Пока я переодевался, Валерка вернулся, а с ним парень лет тридцати пяти — сорока. Новичок, во всем своем еще, но видно — готовился к лагерю: стеганая телогрейка, сапоги, рыжая меховая ушанка. Телогрейка нараспашку, а под ней толстый свитер. В общем, вид его показался мне смешным: телогрейка без воротника не вязалась с добротной шапкой, ноги он переставлял косолапо, как медведь, сильно сутулился, держался немного смущенно и растерянно.
Мы познакомились. Это был Юлий Даниэль. Да еще при разговоре он наставлял на меня правое ухо, просил говорить погромче. А сам говорил тихо. Я тоже поворачивался к нему правым ухом и отгибал его ладонью. Значит, коллеги — тоже глухой, как и я. Это нас обоих рассмешило.
Подошли еще наши бригадники, окружили новичка, стали расспрашивать про волю. То и дело в наш барак забегали поглазеть на Даниэля — знаменитость! Вопросы сыпались на него со всех сторон. Мы узнали, что процесс был только по названию открытый, а пускали туда по особым пропускам. Из близких в зале Юлий увидел только свою жену и жену Синявского.
— Я уверен, что друзья пришли бы, но их не пустили, — сказал он.
Большинство в зале были типичные кагэбэшники, но были и писатели. Некоторых Юлий знал по портретам, а кое-кого и в лицо. Одни опускали глаза, отворачивались, двое или трое сочувственно кивнули ему.
— Ну а как ты думаешь, почему такая гласность?
Оказывается, Юлий думал так же, как кое-кто из нас: наверное, на Западе поднялся шум. Сидя в следственном изоляторе, он, конечно, ничего не знал, но кое-что понял со слов судьи и из допроса свидетелей.

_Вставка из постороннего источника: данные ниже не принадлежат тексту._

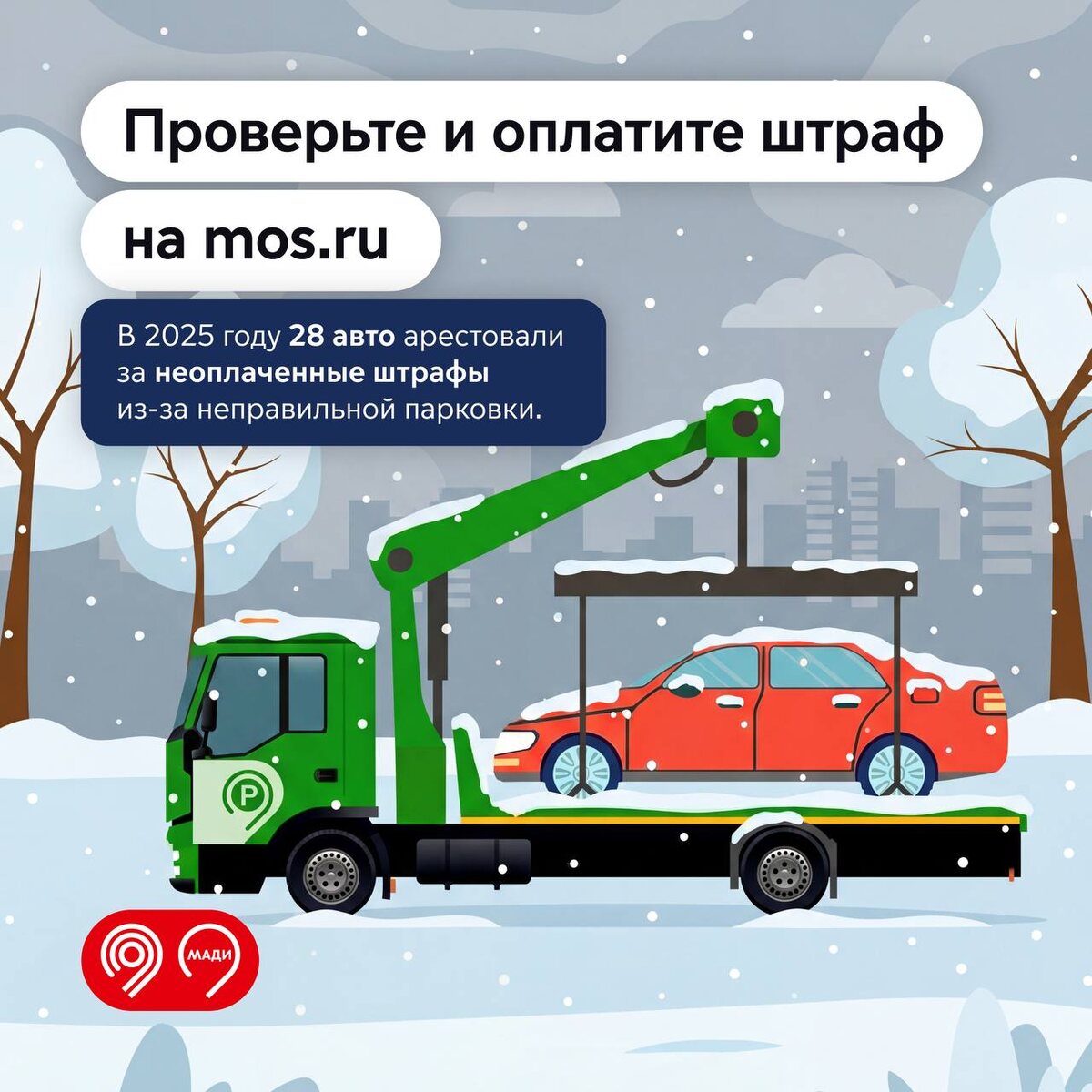 Итоги работы МАДИ и ФССП в Москве в 2025 году. В прошлом году судебные приставы и инспекторы МАДИ арестовали 28 автомобилей. Владельцы этих машин: 🔹 Парковались под запрещающими знаками и на газонах. 🔹 Накопили задолженностей по штрафам на общую сумму более 6 млн руб. 🔹 5 водителей погасили долг на месте и избежали эвакуации. 🔹 Остальные вернут свои авто только после полного погашения задолженности. Если этого не сделать, машины могут продать с аукциона в счет оплаты долга. Проверяйте наличие штрафов и сразу оплачивайте их на официальном сайте mos.ru. Для этого зайдите в раздел «Проверка и оплата штрафов». Призываем водителей помнить о безопасности и правилах дорожного движения и оставлять авто только в разрешенных местах. Если владельцу машины пришел штраф, его необходимо оплатить в течение 60 дней.

— А в изоляторе был в своей одежде или дали тюремную?
— В своей, конечно. И под следствием, и на суде.
— А в камере сидел один?
— Только первые несколько дней. А остальное время вдвоем. Хороший сосед попался, мы с ним партий сто в шахматы сыграли…
Ишь ты, как Пауэрс какой-нибудь! Нас всех обряжали в тюремное с первого дня ареста. Меня все пять месяцев в одиночке держали, других тоже. А эти — ну да, их готовили для «открытого процесса».
— А что вы с Синявским писали?
— А машина у тебя есть? Какой марки — наша или заграничная?
— Той же марки, что и твоя.
Через комнату, где мы разговаривали, прошел капитан Усов. На ходу спросил:
— Новенький? Шапку и свитер сегодня же сдать в каптерку — не положено.
Юлий стал расспрашивать нас о работе. Его подбадривали, как и других новичков:
— Работа тяжелая, но не робей, привыкнешь. Не ты один, многие раньше ничего, кроме авторучки, в руках не держали, теперь лопатой орудуют — будь здоров. Вытянешь!
Больше, чем о себе, Юлий говорил об Андрее Синявском.
— Вот это человек! И писатель, каких сейчас в России, может, один или два, не больше.
Он очень беспокоился о друге: как-то он устроился в лагере, на какую работу попадет, не было бы ему слишком тяжело. Это нам всем, конечно, понравилось.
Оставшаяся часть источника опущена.